Brent and I wondered about the possibility of letting it go and still do.  Treating worry instead like a familiar house guest.  Greeting it at the front door and then gently escorting it to the back door and seeing it on its way out.  Is this possible?  Smug and doubt like to shrug this question off.  Which is why I am grateful to have Wisdom Keepers and roaming teachers (everyone) in my life to remind me of the truth. Instead the question is: How is this possible?  Brent asks himself the same question.  Father of two, husband of one, co-holder of mortgage, house full of stuff, stuff full of history, head full of heart, mind full of worry, body full of tension.  The how is in recognizing We are far, far more powerful than we think.  And the “think” part is key.
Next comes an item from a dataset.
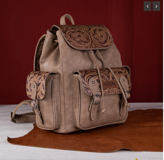 Wrangler Vintage Floral Tooled Backpack Khaki

It’s often the thinking that gets in the way of letting what visits us be what it IS.  Rumi refers to these aspects of ourselves as unexpected visitors.  In one of my favorite poems he describes our being human as a guest house for all visitors..

 The Guest House

 This being human is a guest house.

Every morning a new arrival.

 A joy, a depression, a meanness,

some momentary awareness comes

as an unexpected visitor.

 Welcome and entertain them all!

Even if they’re a crowd of sorrows,

who violently sweep your house

empty of its furniture,

still, treat each guest honorably.

He may be clearing you out

for some new delight.

 The dark thought, the shame, the malice,

meet them at the door laughing,

and invite them in.

 Be grateful for whoever comes,

because each has been sent

as a guide from beyond.

 ~ Rumi ~

It was not always a smooth ride, the past nine months.  Much like gestation it seemed many times.  But we were both cognizant of a different path, a preferred path.  Brent placed his hands on a wheel that had been grooved and well-worn with the habit of worry.  It required full weight to cut a new path.  Possibility and worry, like parallel rails that eventually split off to separate coasts.  Thankfully, we were on the same train.  In the end, he describes it now as serendipity.  He’s more comfortable placing what mysteriously ended up truly okay, better than okay, to something outside of himself.  Knowing him, I get this.  But, since I share a home with him, I could see more clearly what he could not.  Like a sleep-walker who packs a lunch in the middle of the night and then quietly assumes that their roommate did it for them.  I can remind him, the way we all need reminding:  We pack our own lunch.